Live album by Lorie
- Released: 25 August 2003
- Genre: Pop, dance-pop, teen pop
- Length: 79:32
- Label: EGP
- Producer: Johnny Williams

Lorie chronology
| Tendrement (2002) | Live Tour (2003) | Attitudes (2004) |

= Live Tour (Lorie album) =

Live Tour was the name given to French pop singer Lorie's first concert tour. On 25 August 2003 a live recording of the show was released in two versions: a regular, jewel case release containing the CD and a DVD, and a limited edition cardboard box also including an exclusive all-access pass from the concert, five photos from the show in 20x29 cm format and a message written by the popular female singer. The CD booklet in both versions is a fold out poster. On 20 October 2003 a filmed version of the show was released on DVD.
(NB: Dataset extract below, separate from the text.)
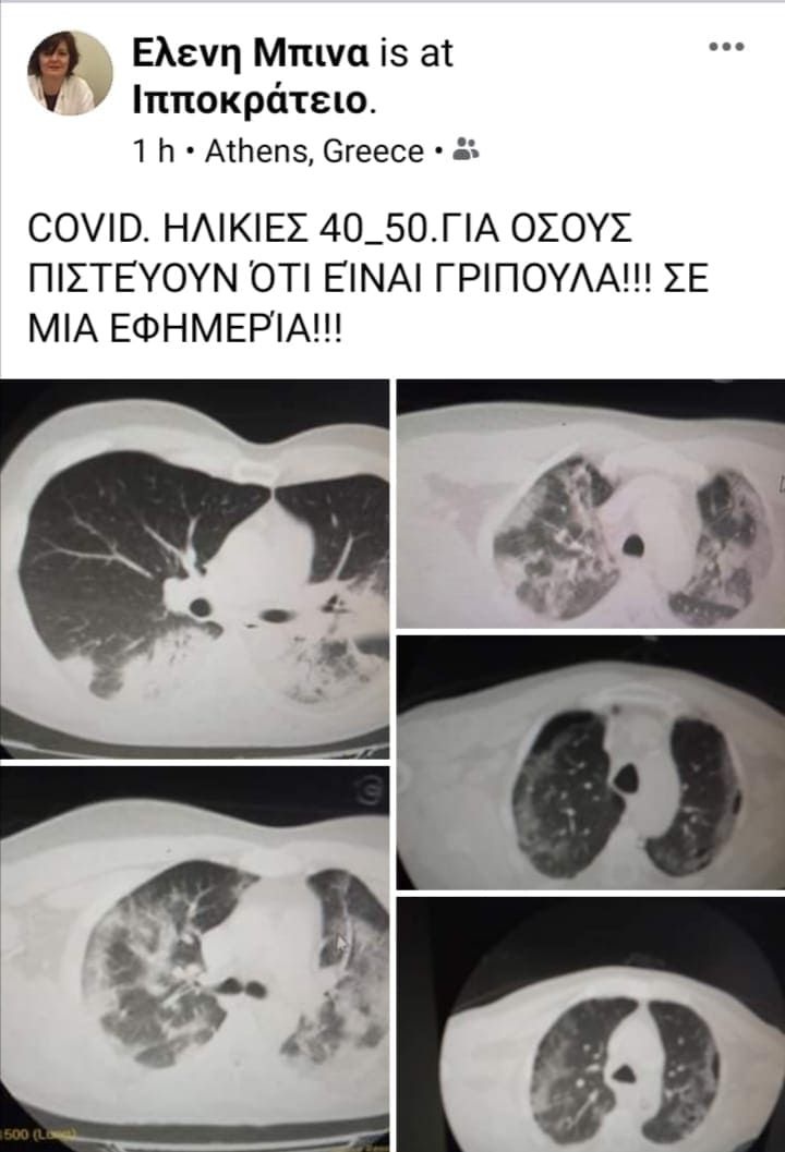 Η κυρία Μπίνα σχολίασε χαρακτηριστικά: «Ασθενείς με θετικό covid, με εικόνα πνευμονικών διηθημάτων (πνευμονία) Άνδρες 40 με 50 ετών. Με συμπτώματα covid και υποξυγοναιμία... 35 εισαγωγές σήμερα. Τα καταφέραμε όμως. Τηρήσαμε όλα τα πρωτόκολλα».

==Live album track listing==
===CD===

1. "Intro Show Lorie" — 2'21
2. "Près de moi" — 4'17
3. "Toute seule" — 3'35
4. "Pour que tu me reviennes" — 4'08
5. "I Love You" — 5'00
6. "Ne me dis rien" — 4'17
7. "Entre vous deux" — 3'48
8. "L'homme de ma vie" — 3'57
9. "Dans mes rêves" — 4'33
10. "Je t'aime Maman" — 4'03
11. "Laisse faire le fun" (duo 4 You) — 4'21
12. "Fan'2 toi" — 4'30
13. "Je serai (ta meilleure amie)" — 5'20
14. "Tendrement" — 4'34
15. "Tout pour toi" — 4'13
16. "Ton sourire" — 4'08
17. "À 20 ans" — 3'23
18. "J'ai besoin d'amour" — 4'28
19. "Se donner la main" — 4'27

===DVD===

1. "Sur un air latino" (Making of) — 27'00
2. "Sur un air latino" (Karaoke) — 3'31
3. "Sur un air latino" (Music video) — 3'31
4. "À 20 ans" (Making of) — 10'00
5. "Exclusive excerpts from the tour" — 5'00

==Charts==

| Chart (2003) | Peak position |
|---|---|
| Belgian (Wallonia) Albums Chart | 11 |
| French Albums Chart | 3 |
| Swiss Albums Chart | 39 |

| End of the year chart (2003) | Position |
|---|---|
| French Albums Chart | 59 |

==Certifications==

| Region | Certification | Certified units/sales |
| France (SNEP) | 2× Gold | 200,000^{*} |
| France (SNEP) DVD | 3× Platinum | 60,000^{*} |
^{*} Sales figures based on certification alone.